Referring next to FIGS. 5 a and 5 b by way of example, laser assisted metallization according to embodiments comprises removing non-activated portions of the partially activated film to yield a patterned-build-up-layer-substrate combination. As shown in the embodiments of FIGS. 5 a and 5 b, a removal of non-activated portions 130′ would result in a patterned-build-up-layer-substrate combination 161 as shown, including substrate portion 102 having exposed surfaces 104, activated tie bar regions 144, and further including a patterned build up layer 162 including the activated portions 130′, 135′ and 136′ and activated tie bar regions. According to a preferred embodiment, removing comprises subjecting the partially activated film to a wash. For example, when the material of the patterned build up layer includes a palladium rich modified organic material obtained through laser activation of a palladium acetate laser activatable film, the wash may comprise a water wash.
Referring next to FIGS. 6 a-8 by way of example, laser assisted metallization according to embodiments comprises providing interconnects according to the predetermined interconnect pattern on the patterned-build-up-layer-substrate combination to provide a printed circuit board.
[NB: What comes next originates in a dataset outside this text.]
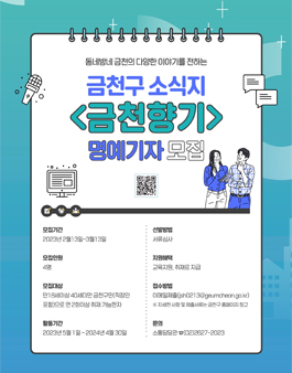 건강산책 ○ 봄꽃 피기 좋은 진촨구 내 체육시설 – 진촨구 시민문화체육관, 첸나이라이문화체육관, 킴빛체육관, 두산시니어체육관, 진촨야구장, 두산동잔디축구장 ○ 블로우 안양천 봄바람 맞으며 걷기 안양천체육시설의 활력을 발휘할 수 있도록 ○ 생활을 함께하는 운동, 금천구체육회장 공징택의 좋은 날 ○ 함께 공부하고, 생활 속에서 배우고, 디지털 문맹 퇴치를 위한 평생학습 방안 ○ 키오스크 그렇게 어렵지 않아! 키오스크 체험존 및 교육상담회 ○ 주택임대차분쟁상담소 운영 및 전문가상담 우리동네모임 ○ 니시키천구에 전국노래자랑 등장! 금천구 KBS전국노래자랑 나도작가 ○ 우리 가족이 그림책을 만든다! 나래북팩토리 이달의 문화소식 ○ 싱그러운 봄바람과 문화 니시키 ○ 고향 사랑 기부 니시키 생활 꿀팁 ○ 봄에는 산불을 예방하자! 산불 자원봉사자를 위한 국가행동요령 ○ 지역자원봉사단 ‘룰루랄라’, 금천인민위원회를 소개 ○ 민구기자 원고 발간 – 평등한 변화의 물결, 우리는 당신과 함께 – 골드동! 킴, 뭐해?금천구 구징작은도서관연합 ○ 운영- 불법주차 SMS 알림서비스 신청- 독산장례식장 주변 불법주차단속 집중(시흥대로 114길 5)- 제3기 금천국민청소년단 참가자 모집 국악경연대회 정조인사 – 봄 광견병 예방접종 – 고향 숨은 영웅 찾기 – 2023년 지역동물병원 의료비 지원 – 청담종합사회복지관 주민단체 “환경지킴이 에코리더” 모집 참가자 진로체험과정 복지건강 ○ 추모 2023년 제43회 장애인의 날, “밝은 복지세상을 그리다” – 어린이구강건강 및 초등치과 학생치과 신청사업 – 대사증후군 무료검진 – 어린이 의료비 지원 희귀질환 환자사업 – 암환자 의료비 지원 지원 – 야오보건소 모집 – 금천구보건소 고혈압·당뇨교실 신청 – 서울형 입원환자 생활비 지원(서울형 유급병가) 서남권 워킹맘지원센터 노동법 무상교육 김천문화 ○ 한율 중학교 ‘우리 학교 가는 길’ 학생 작품 <草、墙和我> 함께해요 ○ 귀화 종합평가 안내 ○ 금천구의회, 터키 지진재해구호기금 전달 ○ 금천구의회 제242차 특별회 폐회

By “interconnects,” what is meant in the context of the present invention is the combination of conductive traces and vias according to the predetermined interconnect pattern. For example, as seen in FIG. 8, the printed circuit board 190 comprises substrate portion 102 and interconnects 192 provided on the substrate portion 102, the interconnects comprising traces 189 and a via 187 as shown according to the predetermined interconnect pattern. Providing interconnects may be provided according to any well known method using the build up layer 162 as a seed layer. For example, providing interconnects may be effected using solely electroless plating, that is, electroless plating without any further metallization, or using a combination of electroless plating and electrolytic plating. Providing interconnects using a combination of electroless plating and electrolytic plating as mentioned above will now be described in further detail in relation to the example preferred embodiment of FIGS. 6 a-8.
Thus, as seen in FIGS. 6 a-6 b by way of example, laser assisted metallization according to embodiments comprises providing a first conductive layer on the build-up layer of the patterned-build-up-layer-substrate combination through electroless plating, the first conductive layer defining a seed layer having a pattern corresponding to the pattern of the build up layer, thus providing an electrolessly plated substrate, such as electrolessly plated substrate 164 of FIGS. 6 a and 6 b. It is noted that, as is well know, to the extend that the build-up layer 162 serves as a seed for the further electrolessly plated conductive layer, the build-up layer serves as a site of atomic nucleation for the electrolessly plated conductive layer, and, as a result, no longer exists as a “layer” proper, the atoms thereof having been dispersed after electroless plated. As a result, a build-up layer is not shown in FIGS. 6 a-8. It is noted, however, that, to the extent that the build-up layer serves as a site of atomic nucleation, atoms from the build-up layer still remain at least in the electrolessly plated copper layer. As seen in FIGS. 6 a and 6 b, the electrolessly plated substrate 164 includes substrate portion 102 having exposed regions 104, build up layer 162, and an electrolessly plated first conductive layer including conformal conductive seed layer 168 selectively provided on the build up layer 162. Seed layer 168 includes, in the shown embodiment, seed layer portions 165 and 166, which respectively occupy regions corresponding to the walls and the bottom of via opening 110, seed layer portion 160, which respectively occupy regions corresponding to the traces, and tie bar seed layer portions 174.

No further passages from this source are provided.